Lake in Papua New Guinea

Lake Kutubu is the second-largest lake in Papua New Guinea, after Lake Murray, and, at 800 m above sea level, the largest upland body of water, with an area of 51.84 km2, and a total catchment area of 328.3 km2. Lake Kutubu and Lake Sentani form an ecoregion on the WWF's Global 200.
Kutubu lies in the Southern Highlands Province of Papua New Guinea, east of the Kikori River into which it drains, and about 50 km southwest of Mendi, the provincial capital. It is one of the few lakes in the country that occurs in a depression in the rugged interior mountains.
The lake has a few islands, the largest of which is Wasemi in its northern part. The water of Lake Kutubu, fed by several streams originating mostly from underground sources, is clear and reaches a depth of 70 m (230 feet). The catchment is inhabited by two main ethnic groups, the Foe to the south and the Fasu to the north. Thirty-three villages lie in the catchment area, with a total estimated population of 10,885.

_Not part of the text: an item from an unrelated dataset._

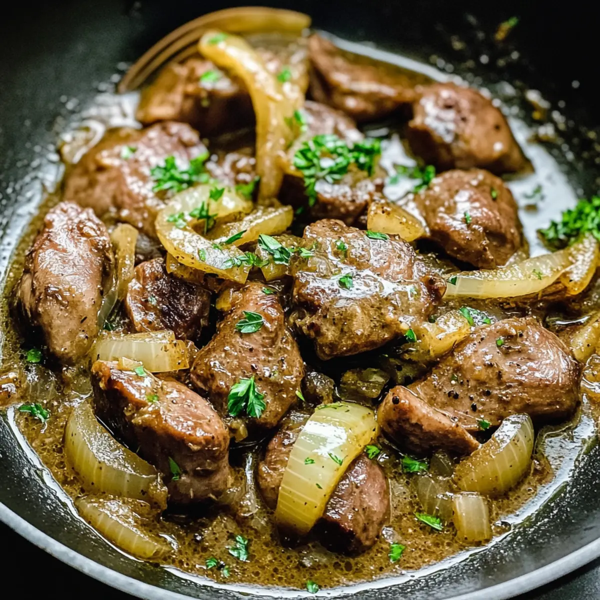 Herzhafte Hühnerleber und Zwiebeln in Sahnesoße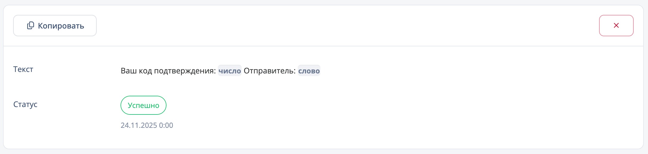 После настройки создайте шаблон для sms-сообщений. Это увеличит скорость получения sms.

The lake gave its name to the nearby Kutubu Oil Project, Papua New Guinea's first commercial oilfield development, operated by Oil Search, and which began production in 1992. The development has supported the local economy, and caused a general in-migration to the area, as well as ecological problems resulting from rapid population growth, including pollution, forest destruction and overfishing. A proposed gas pipeline and road are expected to exacerbate these problems unless they are well-managed.

==Fauna==
Lake Kutubu includes 13 endemic fish species, making it the most unusual lacustrine habitat for fishes in the New Guinea-Australia region. The endemic fish species are:
- Kutubu tandan (Oloplotosus torobo)
- Lake Kutubu rainbowfish (Melanotaenia lacustris)
- Kutubu hardyhead (Craterocephalus lacustris)
- Adamson's grunter (Hephaestus adamsoni)
- Black mogurnda (Mogurnda furva)
- Lake Kutubu mogurnda (Mogurnda kutubuensis)
- Mogurnda maccuneae
- Mogurnda mosa
- Blotched mogurnda (Mogurnda spilota)
- Variegated mogurnda (Mogurnda variegata)
- Striped mogurnda (Mogurnda vitta)
- Two undescribed species of Glossogobius (tentatively known as "new sp. 8" and "new sp. 12")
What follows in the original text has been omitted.